BRIEF. Would you please return the lines of the entries below starting at the line that has "商品属性 [供应商] 科力普科技集团股份有限公司" and ending at the line that has "Standort: Sonne, geschützter", both included, exactly as they are?

PROVIDED MATERIAL.
+---+

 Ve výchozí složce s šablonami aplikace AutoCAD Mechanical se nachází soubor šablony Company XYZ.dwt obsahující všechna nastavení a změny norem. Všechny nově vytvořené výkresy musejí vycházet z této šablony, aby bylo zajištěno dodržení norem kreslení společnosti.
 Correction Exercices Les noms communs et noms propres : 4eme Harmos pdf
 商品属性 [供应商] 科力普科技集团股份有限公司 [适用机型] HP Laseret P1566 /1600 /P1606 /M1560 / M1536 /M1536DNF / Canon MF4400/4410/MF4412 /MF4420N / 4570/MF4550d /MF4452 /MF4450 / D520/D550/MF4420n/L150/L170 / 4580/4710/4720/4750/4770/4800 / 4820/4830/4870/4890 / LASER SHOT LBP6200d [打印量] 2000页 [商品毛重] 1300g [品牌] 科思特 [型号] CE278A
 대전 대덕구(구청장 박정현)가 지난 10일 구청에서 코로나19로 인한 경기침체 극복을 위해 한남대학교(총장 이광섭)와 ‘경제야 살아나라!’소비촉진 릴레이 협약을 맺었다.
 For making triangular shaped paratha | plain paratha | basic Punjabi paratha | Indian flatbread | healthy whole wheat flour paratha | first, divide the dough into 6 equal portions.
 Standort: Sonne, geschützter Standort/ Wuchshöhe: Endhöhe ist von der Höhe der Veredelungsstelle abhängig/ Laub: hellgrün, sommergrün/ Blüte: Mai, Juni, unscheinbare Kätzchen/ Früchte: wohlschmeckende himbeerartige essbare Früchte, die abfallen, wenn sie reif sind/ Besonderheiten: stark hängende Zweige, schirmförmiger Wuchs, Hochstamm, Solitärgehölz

+---+

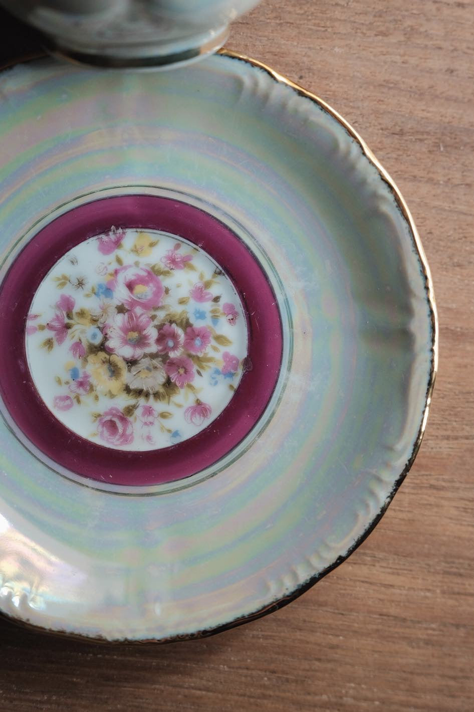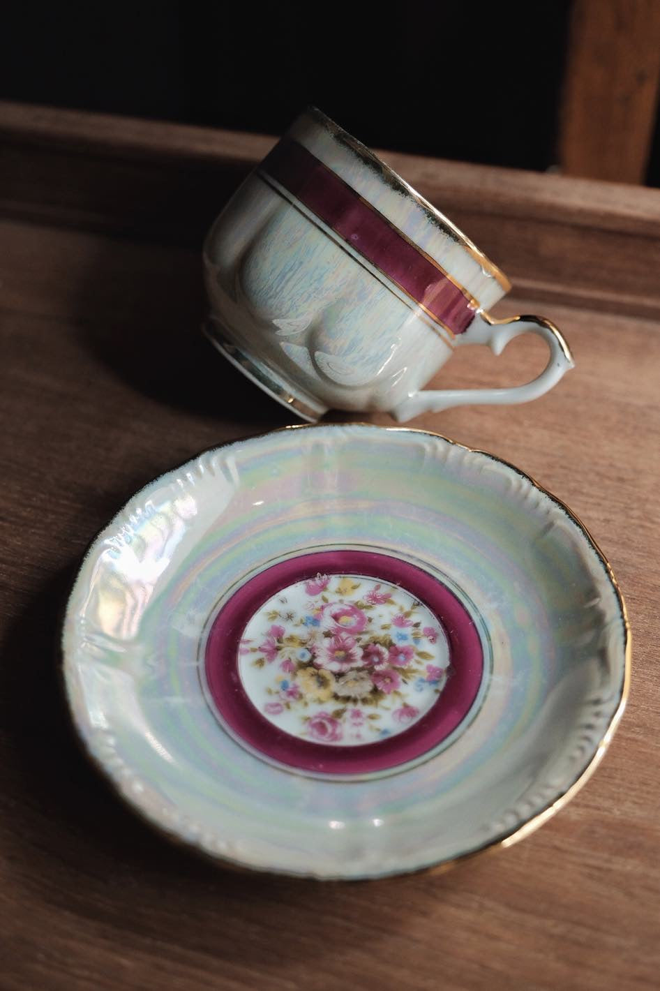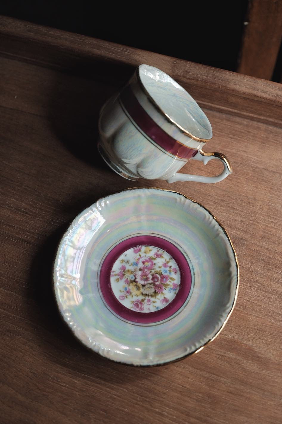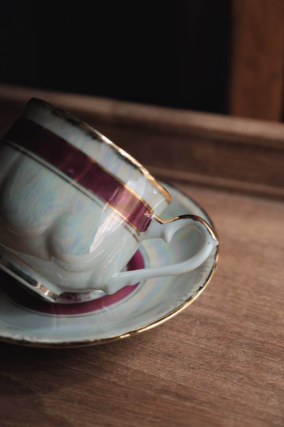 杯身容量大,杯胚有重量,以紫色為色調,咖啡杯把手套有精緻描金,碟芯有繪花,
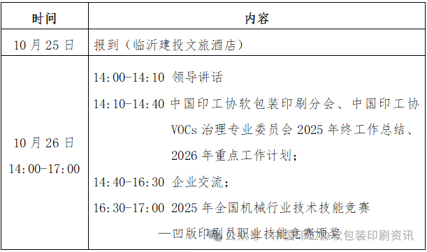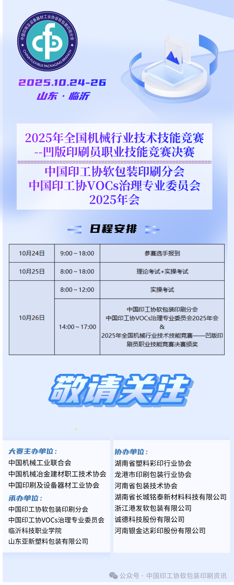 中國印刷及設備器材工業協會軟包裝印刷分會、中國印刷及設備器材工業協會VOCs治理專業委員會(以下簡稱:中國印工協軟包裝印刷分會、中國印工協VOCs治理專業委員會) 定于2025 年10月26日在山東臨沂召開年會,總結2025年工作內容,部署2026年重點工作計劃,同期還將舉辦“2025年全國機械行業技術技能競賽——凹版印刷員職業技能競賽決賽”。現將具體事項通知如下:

+---+

FINISHED TASK.
 商品属性 [供应商] 科力普科技集团股份有限公司 [适用机型] HP Laseret P1566 /1600 /P1606 /M1560 / M1536 /M1536DNF / Canon MF4400/4410/MF4412 /MF4420N / 4570/MF4550d /MF4452 /MF4450 / D520/D550/MF4420n/L150/L170 / 4580/4710/4720/4750/4770/4800 / 4820/4830/4870/4890 / LASER SHOT LBP6200d [打印量] 2000页 [商品毛重] 1300g [品牌] 科思特 [型号] CE278A
 대전 대덕구(구청장 박정현)가 지난 10일 구청에서 코로나19로 인한 경기침체 극복을 위해 한남대학교(총장 이광섭)와 ‘경제야 살아나라!’소비촉진 릴레이 협약을 맺었다.
 For making triangular shaped paratha | plain paratha | basic Punjabi paratha | Indian flatbread | healthy whole wheat flour paratha | first, divide the dough into 6 equal portions.
 Standort: Sonne, geschützter Standort/ Wuchshöhe: Endhöhe ist von der Höhe der Veredelungsstelle abhängig/ Laub: hellgrün, sommergrün/ Blüte: Mai, Juni, unscheinbare Kätzchen/ Früchte: wohlschmeckende himbeerartige essbare Früchte, die abfallen, wenn sie reif sind/ Besonderheiten: stark hängende Zweige, schirmförmiger Wuchs, Hochstamm, Solitärgehölz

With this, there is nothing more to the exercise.